Firefox renders the page nicely, but in Chrome it ruins the experience.

------
6thSigma
We all aspire to change the world. Airbnb is showing us that they are actually
doing it.

Congrats guys and keep up the amazing work.

------
dylangs1030
This is beautifully crafted. But more than that, I wish more websites
presented an "annual" of some sorts where they proudly displayed advances in a
graphically heroic manner.

It really makes you want to associate with companies like Airbnb more when you
see projects like this outside of their core competency. Well done.

------
jwpe
Viewing this on mobile, it appears that the entire world is undergoing some
kind of catastrophic seismic event.

------
guard-of-terra
In 2010 a green dot for Moscow begins to grow, but when you scroll down more,
Saint Peterburg will never materialize, instead, a large yellow blob will grow
from a middle of nowhere northwest of Caspian sea. (I guess Volgograd is
somewhere there, but why?)

So I guess it isn't any precise.

------
joshualastdon
Wow.

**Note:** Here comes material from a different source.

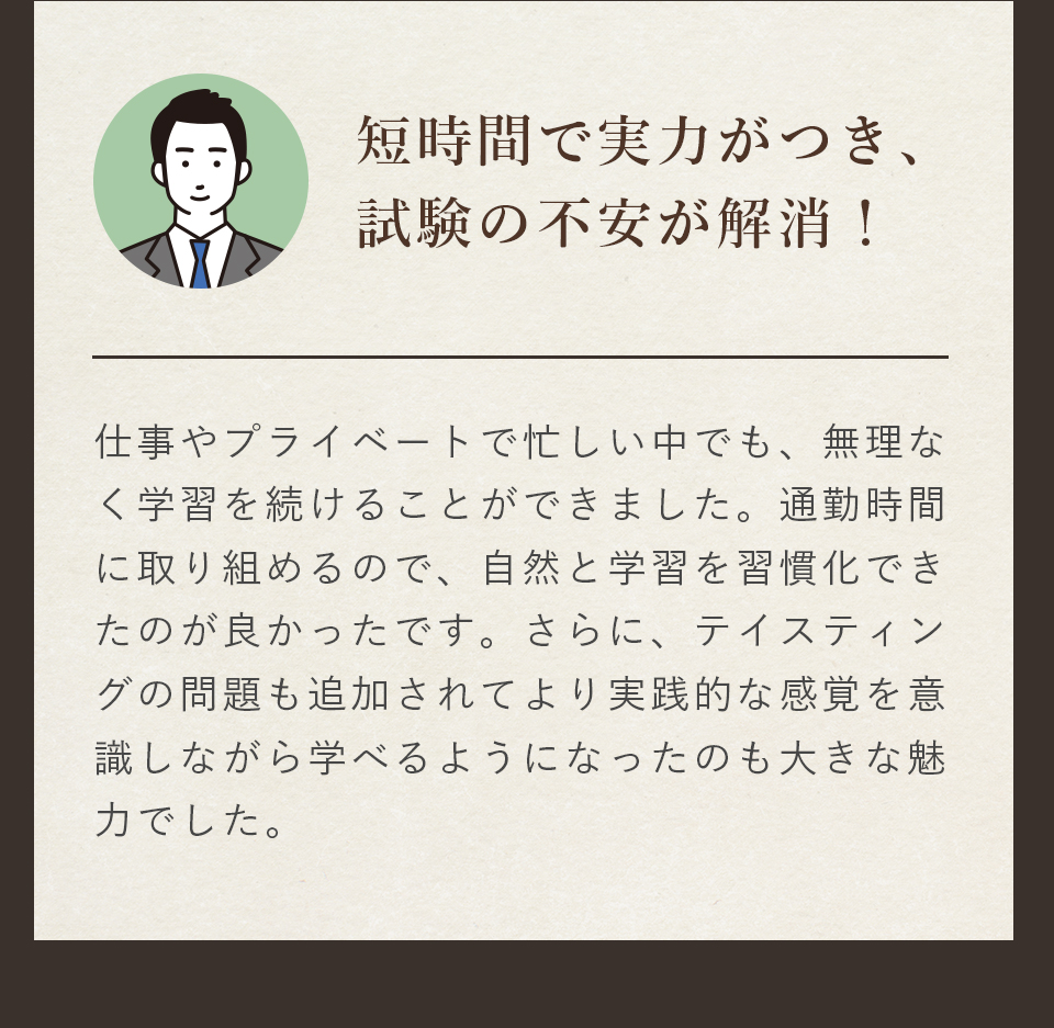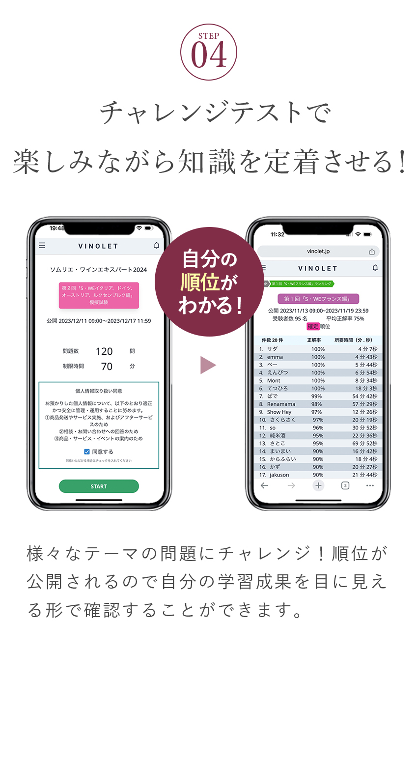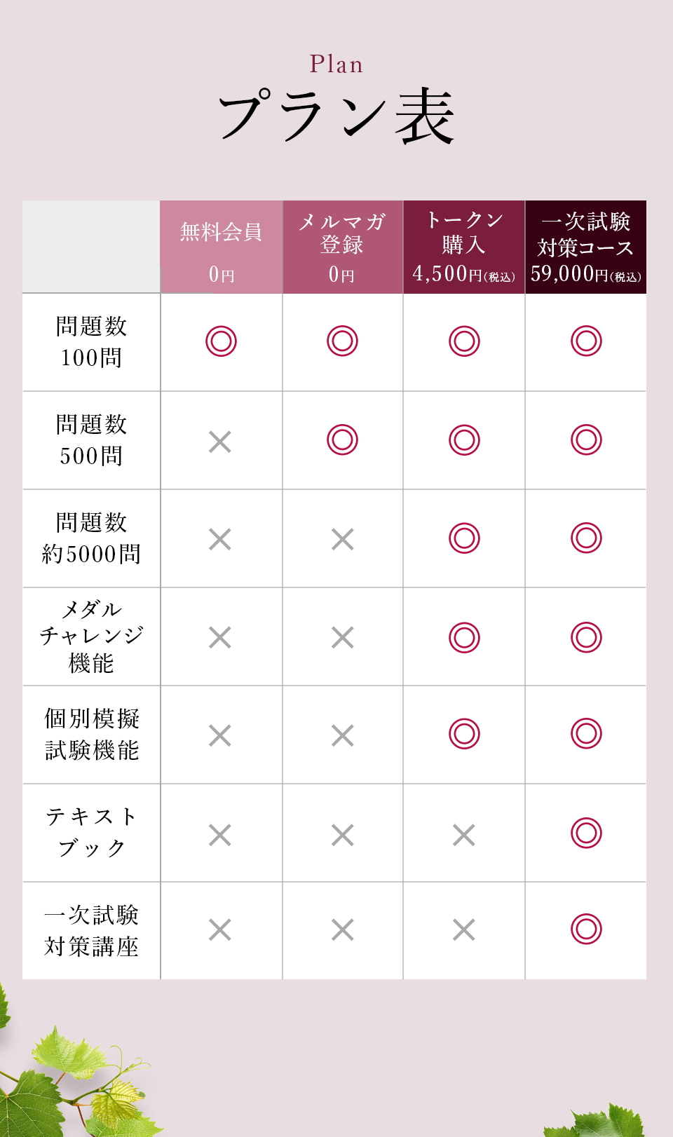 アプリだから、自分が合格圏内かどうかがひと目でわかり、 紙ベースの問題集に比べ効率よく学べます。ソムリエ試験は毎年内容が更新されるため、最新の試験内容を学習する必要があります。

Very excellent presentation. And the numbers show tremendous growth by
AirBnB.

------
swohns
Beautiful use of skrollr, it is amazing how the design first philosophy of
Brian has created a new standard for marketplaces.

------
hna0002
Why are the background colors changing drastically? Its annoying. Its
fantastic otherwise! Great growth rate too.

------
donohoe
I cannot see the likes of Hilton etc ever coming up with this - be it
production or a real story...

------
mrchess
This needs a start button so it will play like a slide-down movie!

------
jason_adleberg
this is some javascript black magic right here

------
arcatek
Very, very nice presentation.